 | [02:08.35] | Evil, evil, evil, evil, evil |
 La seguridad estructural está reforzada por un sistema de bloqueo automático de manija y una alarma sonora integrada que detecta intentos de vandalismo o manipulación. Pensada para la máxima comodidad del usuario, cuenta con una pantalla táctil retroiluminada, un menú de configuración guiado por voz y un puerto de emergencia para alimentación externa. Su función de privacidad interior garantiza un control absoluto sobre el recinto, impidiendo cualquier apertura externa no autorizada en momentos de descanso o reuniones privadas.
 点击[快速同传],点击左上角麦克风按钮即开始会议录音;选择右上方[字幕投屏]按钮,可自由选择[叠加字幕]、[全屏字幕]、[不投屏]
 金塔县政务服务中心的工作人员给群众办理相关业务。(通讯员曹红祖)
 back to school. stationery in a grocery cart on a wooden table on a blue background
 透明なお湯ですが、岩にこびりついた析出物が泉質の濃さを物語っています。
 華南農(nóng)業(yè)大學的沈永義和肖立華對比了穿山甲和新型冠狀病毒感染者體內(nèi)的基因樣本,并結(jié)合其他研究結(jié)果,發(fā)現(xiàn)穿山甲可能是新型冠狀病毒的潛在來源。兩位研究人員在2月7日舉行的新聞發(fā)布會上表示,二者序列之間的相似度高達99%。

****************

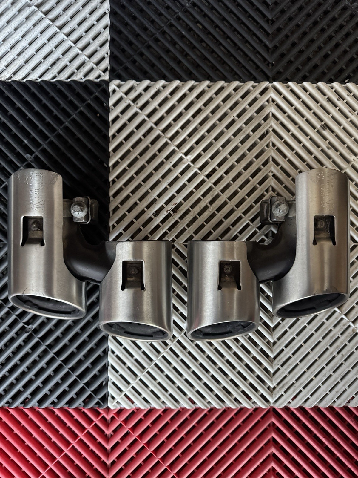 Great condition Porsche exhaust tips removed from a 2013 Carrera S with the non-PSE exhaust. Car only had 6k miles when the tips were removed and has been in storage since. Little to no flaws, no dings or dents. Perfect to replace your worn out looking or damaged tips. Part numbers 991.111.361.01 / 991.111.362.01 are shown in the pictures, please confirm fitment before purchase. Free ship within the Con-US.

****************

What to do: Please reproduce exactly the lines in the listing above from the one containing "金塔县政务服务中心的工作人员给群众办理相关业务。(通讯员曹红祖)" through the one containing "華南農(nóng)業(yè)", both included, and nothing more.

Answer area:
 金塔县政务服务中心的工作人员给群众办理相关业务。(通讯员曹红祖)
 back to school. stationery in a grocery cart on a wooden table on a blue background
 透明なお湯ですが、岩にこびりついた析出物が泉質の濃さを物語っています。
 華南農(nóng)業(yè)大學的沈永義和肖立華對比了穿山甲和新型冠狀病毒感染者體內(nèi)的基因樣本,并結(jié)合其他研究結(jié)果,發(fā)現(xiàn)穿山甲可能是新型冠狀病毒的潛在來源。兩位研究人員在2月7日舉行的新聞發(fā)布會上表示,二者序列之間的相似度高達99%。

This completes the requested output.